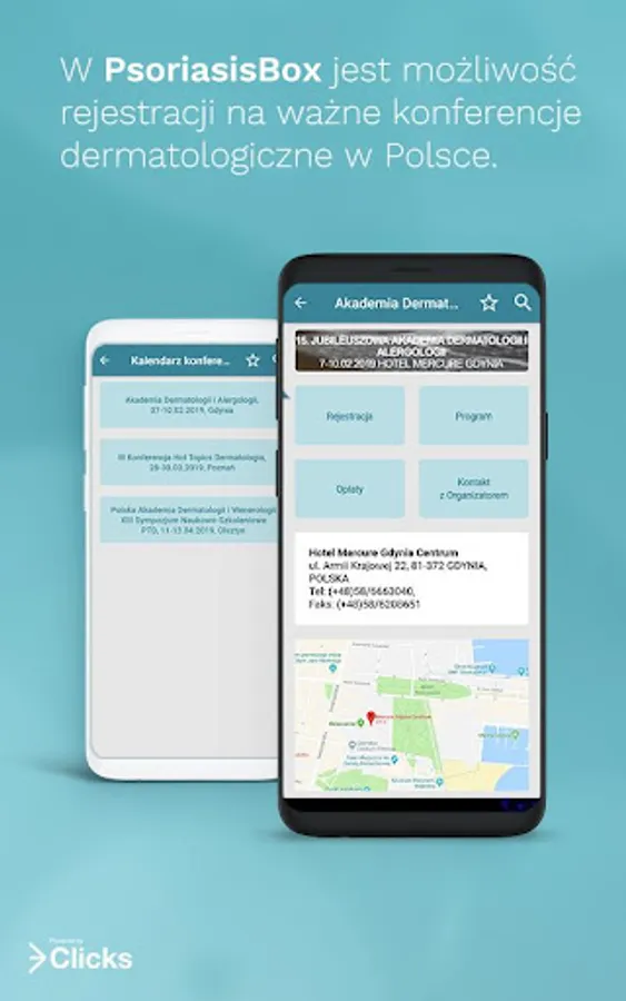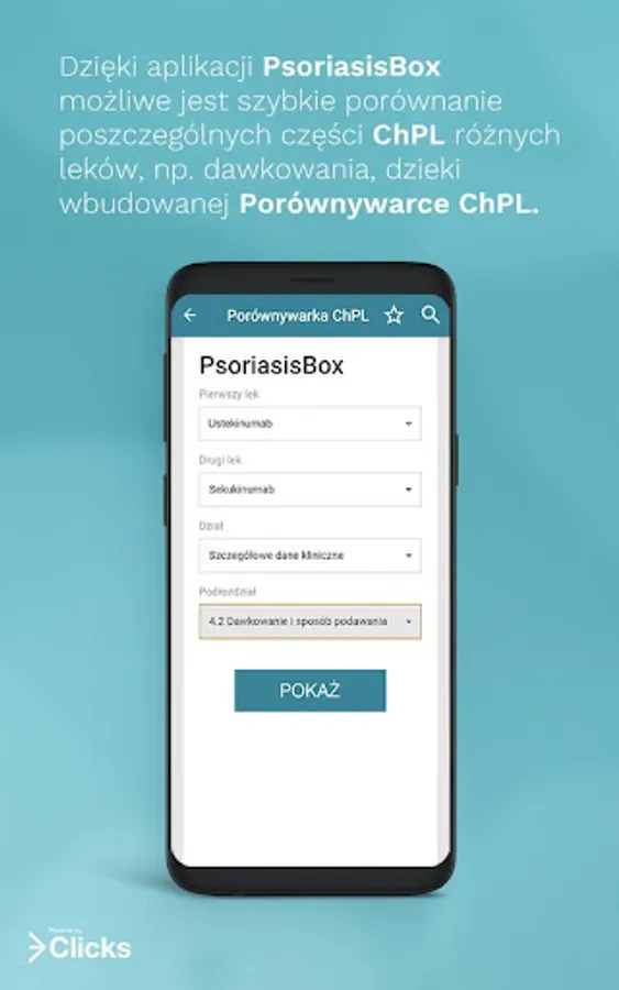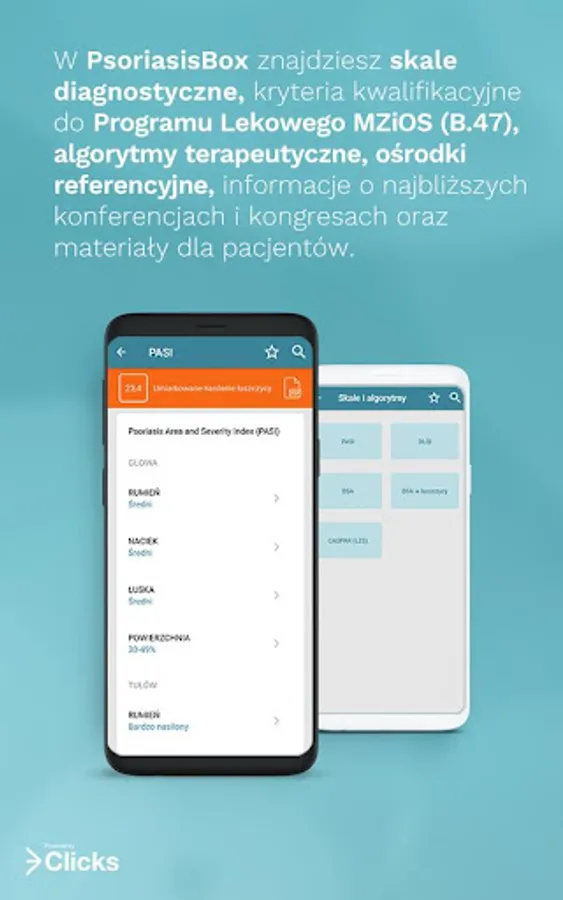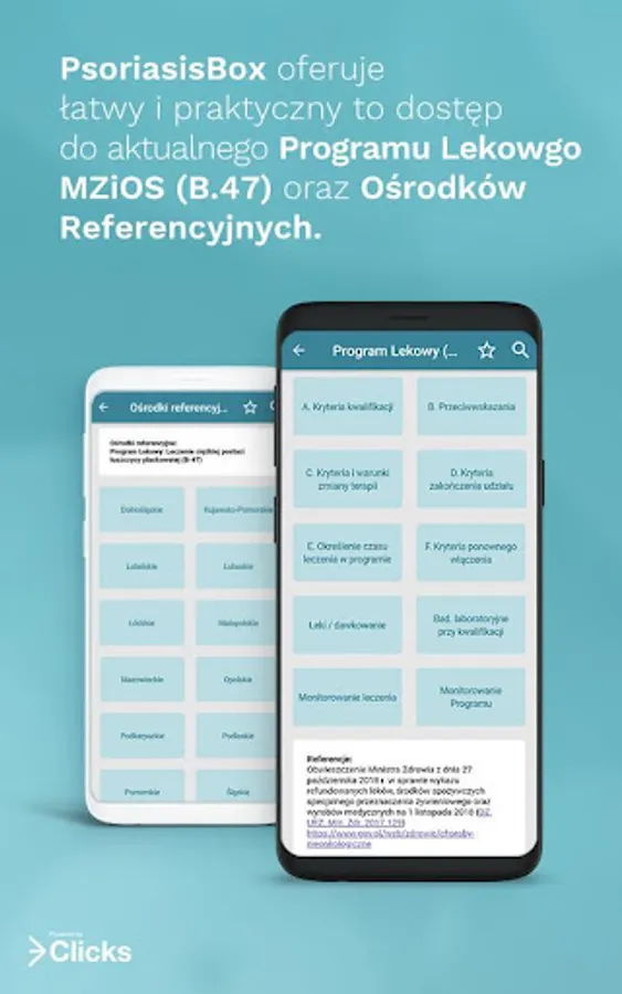 Download the latest 3Clicks’ app: PsoriasisBox and get essential information supporting diagnosis and treatment of psoriasis. In PsoriasisBox you will find diagnostic scales, therapeutic algorithms, reference centres, information about upcoming conferences and congresses, eligibility criteria for the special reimbursement program (B.47) and materials for patients.
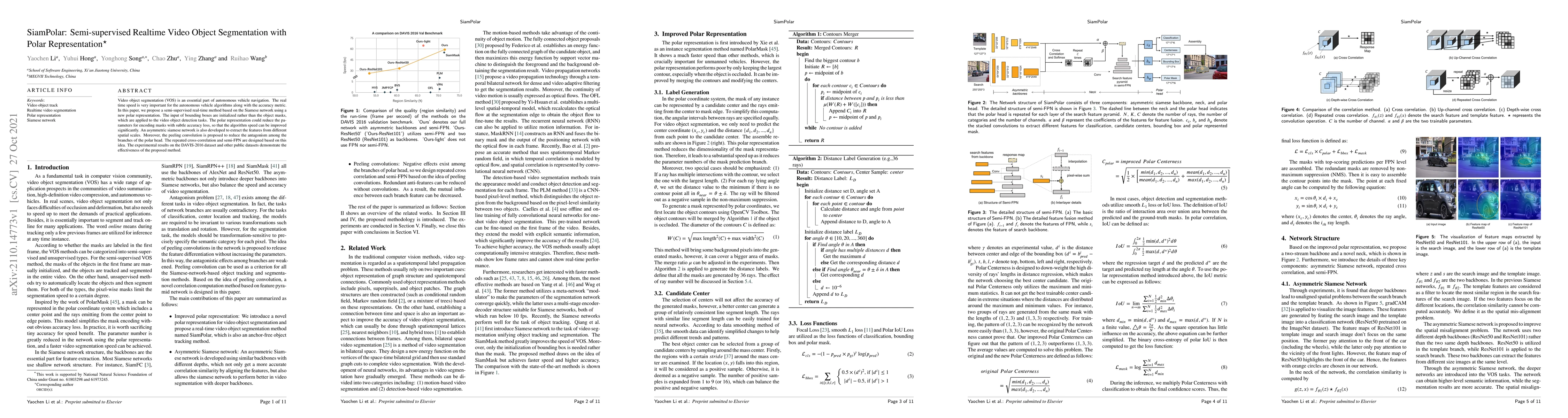 The paper proposes a semi-supervised real-time video object segmentation method using a polar representation and Siamese network, which significantly improves speed while maintaining accuracy. The method leverages bounding boxes for initialization and employs an asymmetric Siamese network and peeling convolution to enhance feature extraction and reduce computational load.
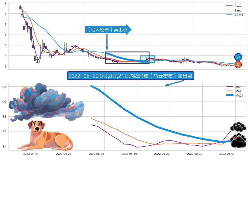 形态多维评估: ⚀ 2022-05-04日-2022-06-07日显现 3日-8日-21日均线 【乌云密布】卖出点 看空信号,后市看跌,卖出
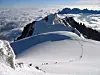Utsikt fra Mont Blanc. Chamonix ligger i dalen til venstre - under skylaget. (Foto: Morten Holt)
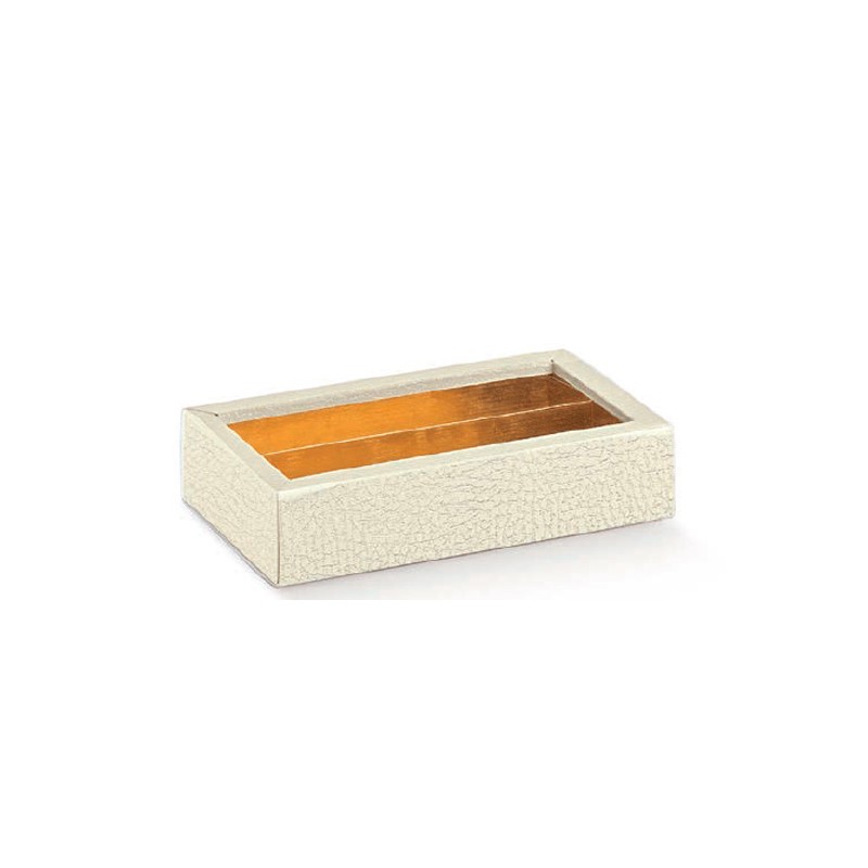 Boîte en acétate transparent avec fond blanc et séparateurs internes. Parfaite pour chocolats et confiseries.
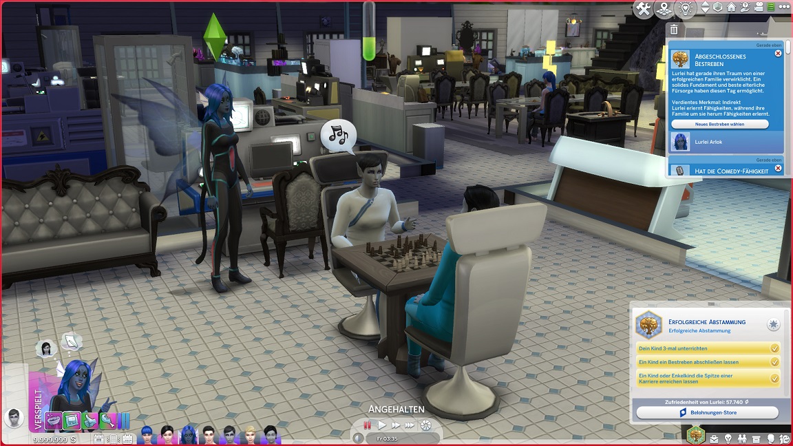 Um ihre Sozialfähigkeit aufzufrischen (und zugunsten ihrer Eltern, die bei Charisma nicht helfen können), spielen Nino und Nadil Schach. Lurlei jubelt.
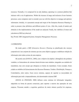 Este documento discute o conceito e evolução dos sistemas ERP. Inicialmente, define ERP como um conjunto de sistemas que facilitam o fluxo de informações entre as diferentes áreas de uma empresa. Em seguida, descreve a origem dos sistemas ERP a partir dos sistemas MRP nas décadas de 1970 e 1980, e como eles se expandiram para abranger mais processos de negócios. Por fim, discute tendências do mercado de ERP e desafios comuns na implementação desses sistemas.
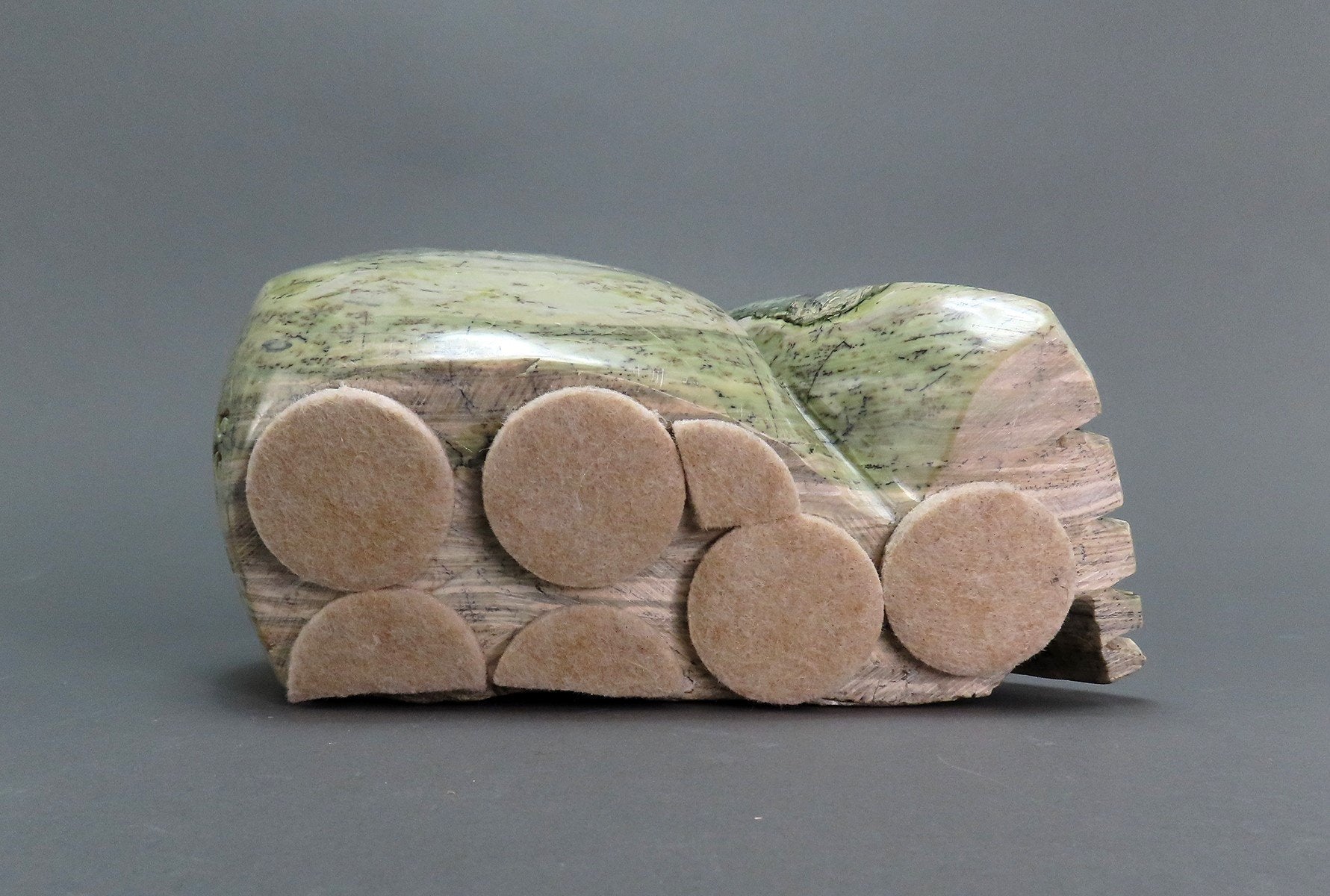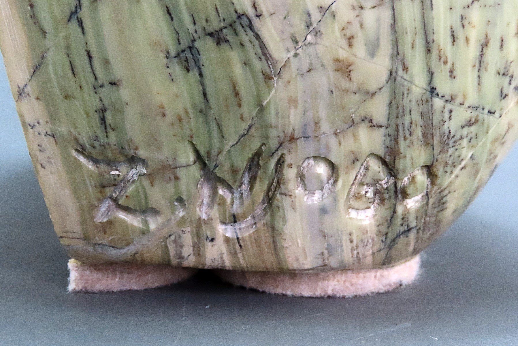 Presented is a whimsical Zimbabwean stone carved owl likely made in the late 20th century by Zachariah Njobo. The stone is full of nice green hues and displays a sitting owl with a wing flat on the side with interested eyes. The back remains unpolished. The stone has a substantial weight. Felt pads have been added to the bottom.

* * * *

◆ **TASK STATEMENT**
Return only the lines from the line containing "Um ihre Sozialfähigkeit" through the last line of the records above, both ends included, exactly as written, leaving pictures out.

◆ **ANSWER TO THE PROBLEM**
 Um ihre Sozialfähigkeit aufzufrischen (und zugunsten ihrer Eltern, die bei Charisma nicht helfen können), spielen Nino und Nadil Schach. Lurlei jubelt.
 Este documento discute o conceito e evolução dos sistemas ERP. Inicialmente, define ERP como um conjunto de sistemas que facilitam o fluxo de informações entre as diferentes áreas de uma empresa. Em seguida, descreve a origem dos sistemas ERP a partir dos sistemas MRP nas décadas de 1970 e 1980, e como eles se expandiram para abranger mais processos de negócios. Por fim, discute tendências do mercado de ERP e desafios comuns na implementação desses sistemas.
 Presented is a whimsical Zimbabwean stone carved owl likely made in the late 20th century by Zachariah Njobo. The stone is full of nice green hues and displays a sitting owl with a wing flat on the side with interested eyes. The back remains unpolished. The stone has a substantial weight. Felt pads have been added to the bottom.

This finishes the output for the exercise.